And that, perhaps, is the greatest souvenir of all: the realisation that you are complete company. That the person you were most afraid to be left alone with—yourself—is actually a fascinating, resilient, and deeply kind companion.
When we talk about “travelling alone,” the conversation often drifts toward logistics: safety, loneliness, itineraries. But with Jia Lissa, the topic shifts into something more philosophical. To watch her journey alone—whether through the misty alleys of Kyoto or the sun-bleached cliffs of the Algarve—is to witness a quiet revolution against the noise of the collective. In an age where every moment is documented for an audience, travelling alone has become a radical act of privacy. Jia Lissa embodies this perfectly. She does not travel to perform. She travels to feel . Without a companion to fill the silence with small talk, she is forced to listen—to the wind, to a stranger’s fragmented English, to the small, stubborn voice inside her own head that society usually drowns out. jia lissa - travelling alone
So here is to Jia Lissa. Here is to the empty seat on the train. Here is to the solo traveller who knows that the most important relationship you will ever have is the one you cultivate in silence, on the road, entirely alone.
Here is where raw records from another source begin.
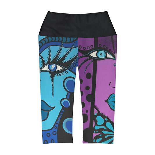 Yoga Capri Leggings Blue Owl Woman / Purple Butterfly Woman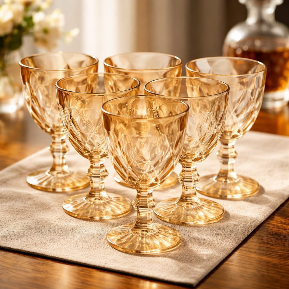 (Juego de copas de vidrio de estilo vintage con diseño labrado).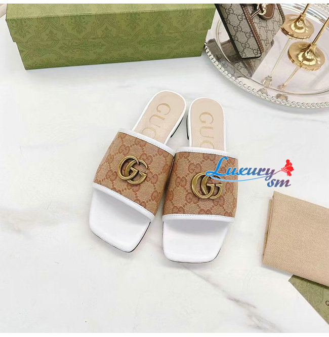 GUCCI-619893 9795 구찌 화이트 더블 G 슬라이드 샌들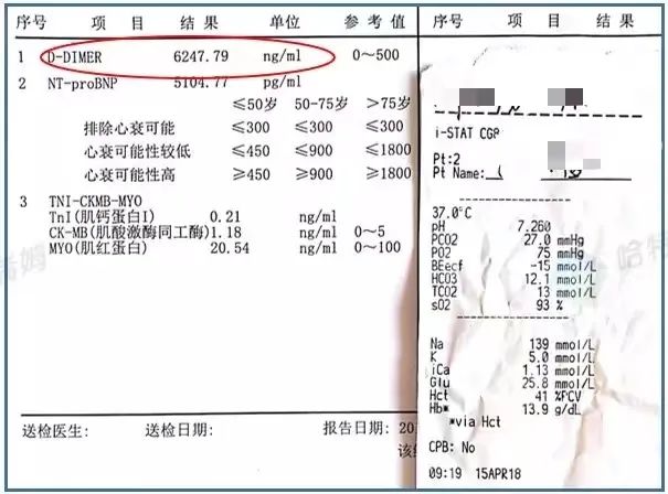 图12 D-Dimer的化验结果急性肺栓塞时T波倒置常出现于V1~V3导联及III导联,形态多呈尖锐对称性,深度不等,倒置幅度Tv2> Tv3> Tv4。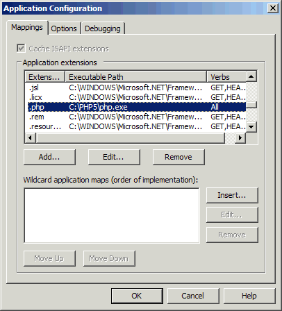 - 点击Configuration, 进入应用程序设置对话框, 检查在application extensions中是否有.php项目, 如有, 跳过这一步, 如没有添加一个extension mapping:

Because sometimes, to find your people, you first have to lose your crowd. And that, perhaps, is the greatest souvenir of
She stays an extra day in a boring town because the light feels right. She leaves a famous landmark after five minutes because the energy is wrong. This flexibility is the secret privilege of the solo traveller. You do not negotiate. You do not compromise. You simply move . Finally, travelling alone is not about escaping others. It is about finding the version of yourself that exists when no one is watching. When Jia Lissa returns from her journeys, she does not return as the same person. She is quieter, sharper, stranger. Her eyes have seen things she cannot fully translate into words. But with Jia Lissa, the topic shifts into
There is a particular kind of silence that falls over a train station at 6:00 AM. It is not empty, but it is anonymous. In that space, no one knows your name, your past, or your plans. For most people, this anonymity is unnerving. For Jia Lissa, it is oxygen.
But that is precisely the point. Loneliness, she argues, is not the enemy. Unfaced loneliness is. By travelling alone, she has learned to sit inside her own discomfort like a sauna—sweating out the need for external validation. She has discovered that a view witnessed alone is not half as beautiful; it is differently beautiful. It belongs only to her. The most profound aspect of Jia Lissa’s solo journeys is that she never follows a blueprint. She rejects the “must-see” lists. She ignores the influencers who pose in the same locations. Instead, she builds her own cartography: a map drawn in intuition and whim.